**Records**
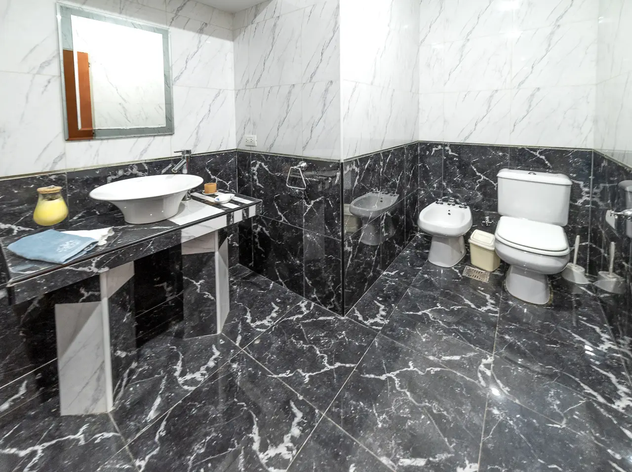 • Designer black-and-white granite flooring
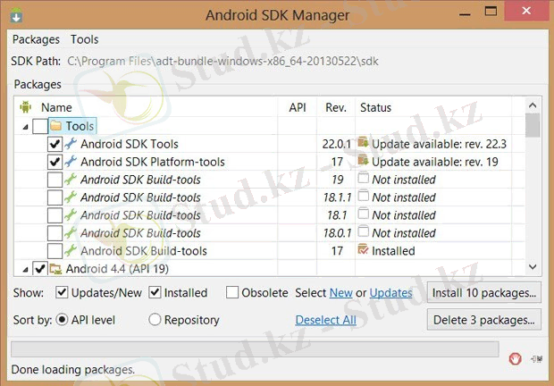 SDK Manager - Android SDK компоненттерін жүктеуге мүмкіндік беретін құрал. Android SDK дестелерін және олардың мәртебелерін көрсетеді: орнатыл- ған (Installed), орнатылмаған (Not Installed), қол жетімді жаңартулар (Update available) . Android SDK Manager 1. 1 суретте көрсетілген.
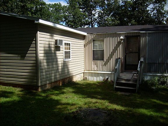 RECENT PRICE REDUCTION! Private and secluded! Single wide mobile with recessed add on family room on 5 acres.Back bedroom and bathroom recently remodeled. Well is over 300 feet deep and sewage system is on a lagoon. Lots of deer and turkey on mostly wooded 5 acres. Property sits at the end of a mile long private road and comes with easement agreement. Small insulated shop building has a wood stove so you can work in it all year long. Also has some small outbuildings including a lean-to and a chicken house with pen. Property also has a well drained garden area so you can raise your own crop of vegetables. Your new home comes complete with a below ground storm shelter so you can feel safe and secure during storm season. Hurry and schedule your showing today!
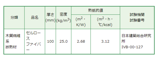 セルローズファイバーの透湿係数=0.73g/㎡hmmHg (厚さ100mm)
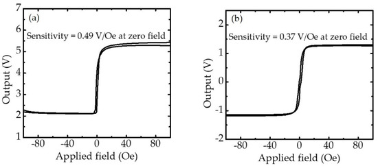(a) Outputs for one serial MTJ sensor and (b) four serial MTJ sensors connected in a full Wheatstone bridge circuit at room temperature. Sensitivity is determined by ΔV/ΔH term slope at zero field. The linear range is defined as a dynamic range with nonlinearity of 10% FS for each sensor.
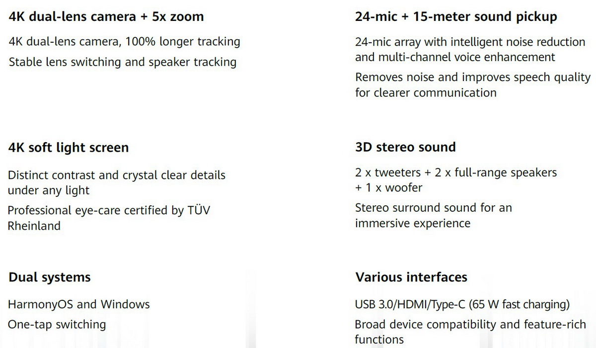 Това е автоматичен превод. Оригиналния текст може да видите тукСерията HUAWEI IdeaHub S3 разполага с интелигентна двойна камера , която осигурява реалистично изображение, първокласно изживяване при срещи и сътрудничество без забавяне. Благодарение на подобреното HD аудио , видео и функциите на изкуствения интелект, тя улавя всеки детайл и интелигентно се адаптира към нуждите на потребителя. Това решение е предназначено за модерни офиси и конферентни зали, помагайки на компаниите да изградят интелигентна работна среда, като същевременно повишават ефективността на работата и качеството на сътрудничеството.
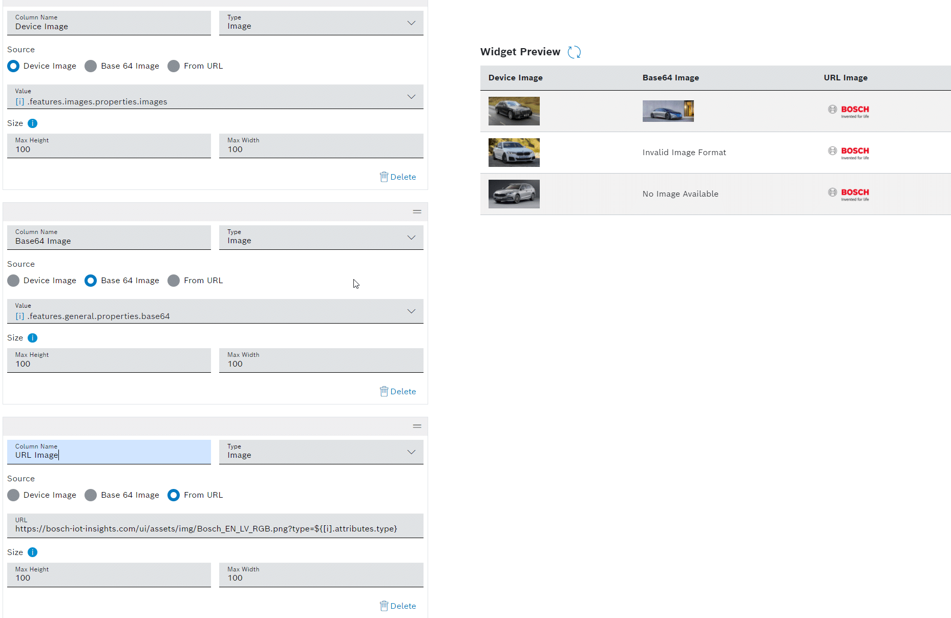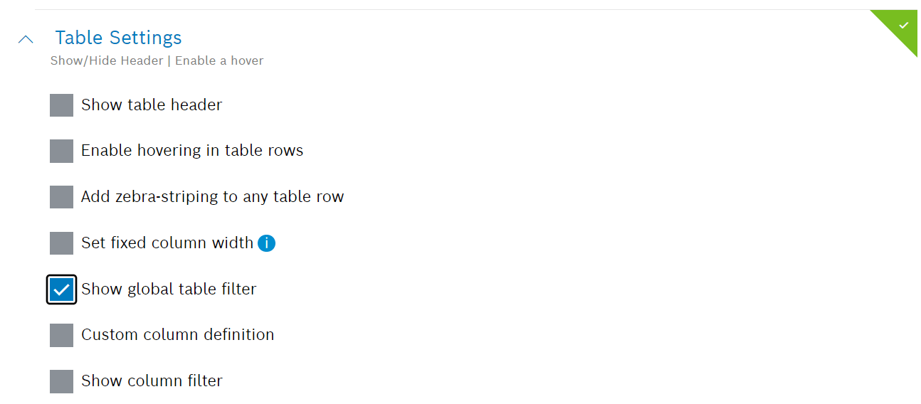 - Conditional actions – Tables are compliant with the recent Bosch Brand Guide.
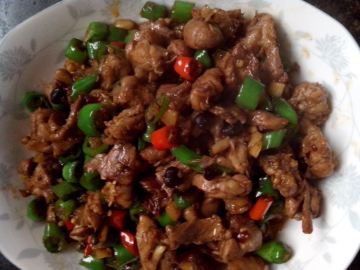2、油锅烧6成热,下姜蒜、花椒炒香,在放兔肉爆炒、放豆鼓、青红椒翻炒放味精和盐装盘即可。
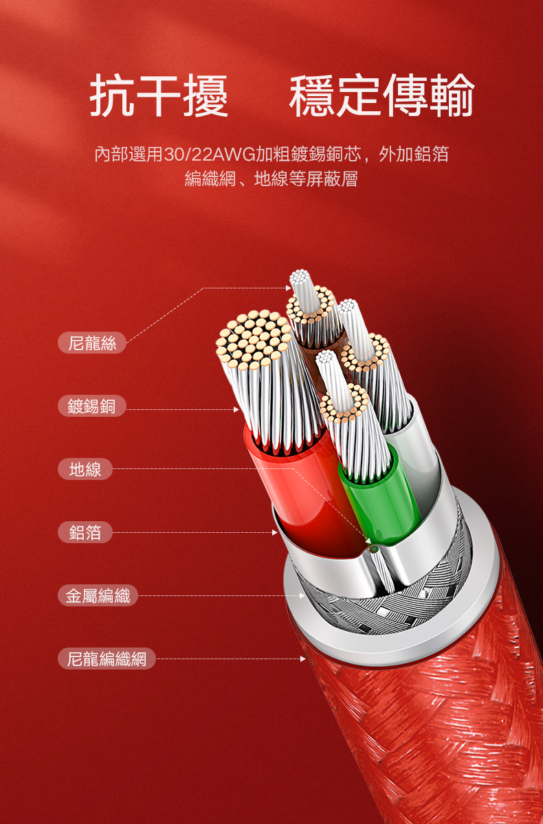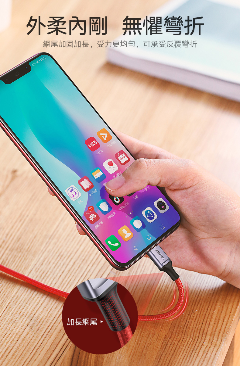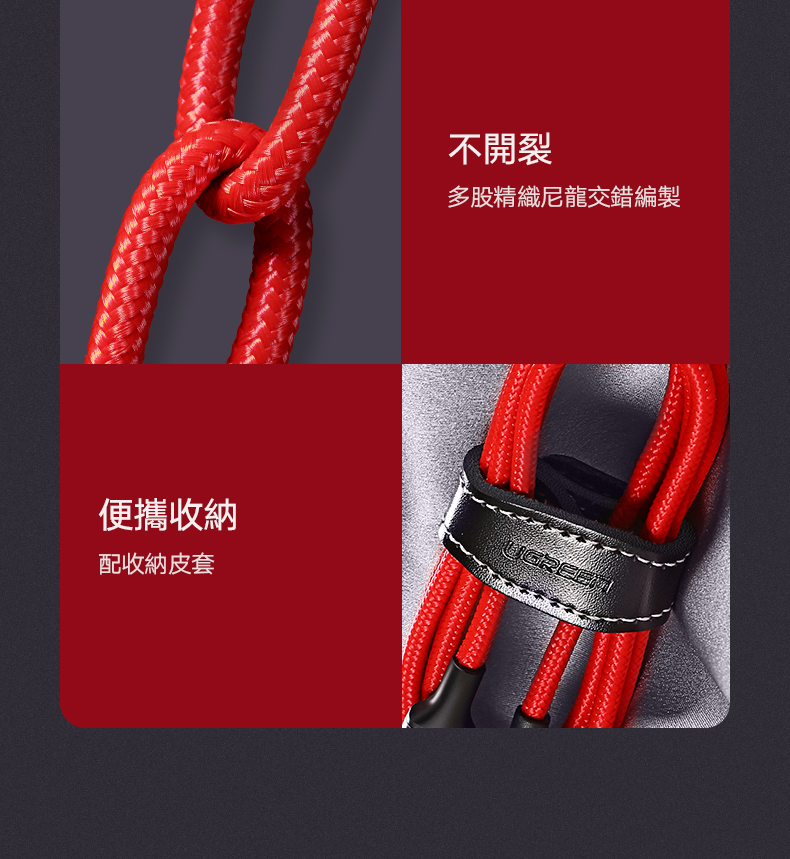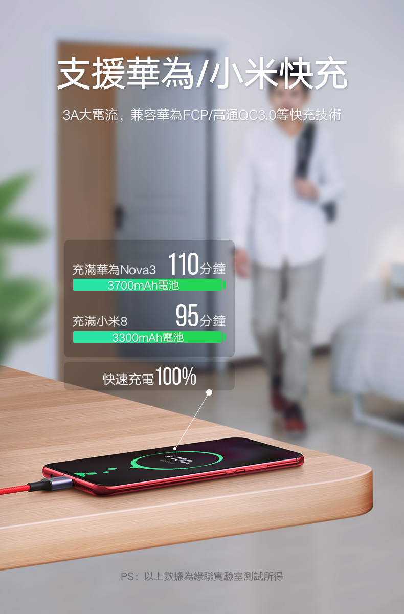 商品特色 ★支援華為/小米快充3A大電流 ★支援PD60W/45W/18W快充快速續航 ★便攜收納附收納皮套 ★網尾加固加長可承受反覆彎折,多股精織尼龍交錯編製不開裂 ★30/22AWG加粗鍍錫銅芯穩定傳輸 ★一體拉伸而成接頭更牢固 ★充電快速穩定

**Problem to work on**
The task requires that every line above be transcribed exactly, without the images.

**Task result**
 • Designer black-and-white granite flooring
 SDK Manager - Android SDK компоненттерін жүктеуге мүмкіндік беретін құрал. Android SDK дестелерін және олардың мәртебелерін көрсетеді: орнатыл- ған (Installed), орнатылмаған (Not Installed), қол жетімді жаңартулар (Update available) . Android SDK Manager 1. 1 суретте көрсетілген.
 RECENT PRICE REDUCTION! Private and secluded! Single wide mobile with recessed add on family room on 5 acres.Back bedroom and bathroom recently remodeled. Well is over 300 feet deep and sewage system is on a lagoon. Lots of deer and turkey on mostly wooded 5 acres. Property sits at the end of a mile long private road and comes with easement agreement. Small insulated shop building has a wood stove so you can work in it all year long. Also has some small outbuildings including a lean-to and a chicken house with pen. Property also has a well drained garden area so you can raise your own crop of vegetables. Your new home comes complete with a below ground storm shelter so you can feel safe and secure during storm season. Hurry and schedule your showing today!
 セルローズファイバーの透湿係数=0.73g/㎡hmmHg (厚さ100mm)
(a) Outputs for one serial MTJ sensor and (b) four serial MTJ sensors connected in a full Wheatstone bridge circuit at room temperature. Sensitivity is determined by ΔV/ΔH term slope at zero field. The linear range is defined as a dynamic range with nonlinearity of 10% FS for each sensor.
 Това е автоматичен превод. Оригиналния текст може да видите тукСерията HUAWEI IdeaHub S3 разполага с интелигентна двойна камера , която осигурява реалистично изображение, първокласно изживяване при срещи и сътрудничество без забавяне. Благодарение на подобреното HD аудио , видео и функциите на изкуствения интелект, тя улавя всеки детайл и интелигентно се адаптира към нуждите на потребителя. Това решение е предназначено за модерни офиси и конферентни зали, помагайки на компаниите да изградят интелигентна работна среда, като същевременно повишават ефективността на работата и качеството на сътрудничеството.
 - Conditional actions – Tables are compliant with the recent Bosch Brand Guide.
2、油锅烧6成热,下姜蒜、花椒炒香,在放兔肉爆炒、放豆鼓、青红椒翻炒放味精和盐装盘即可。
 商品特色 ★支援華為/小米快充3A大電流 ★支援PD60W/45W/18W快充快速續航 ★便攜收納附收納皮套 ★網尾加固加長可承受反覆彎折,多股精織尼龍交錯編製不開裂 ★30/22AWG加粗鍍錫銅芯穩定傳輸 ★一體拉伸而成接頭更牢固 ★充電快速穩定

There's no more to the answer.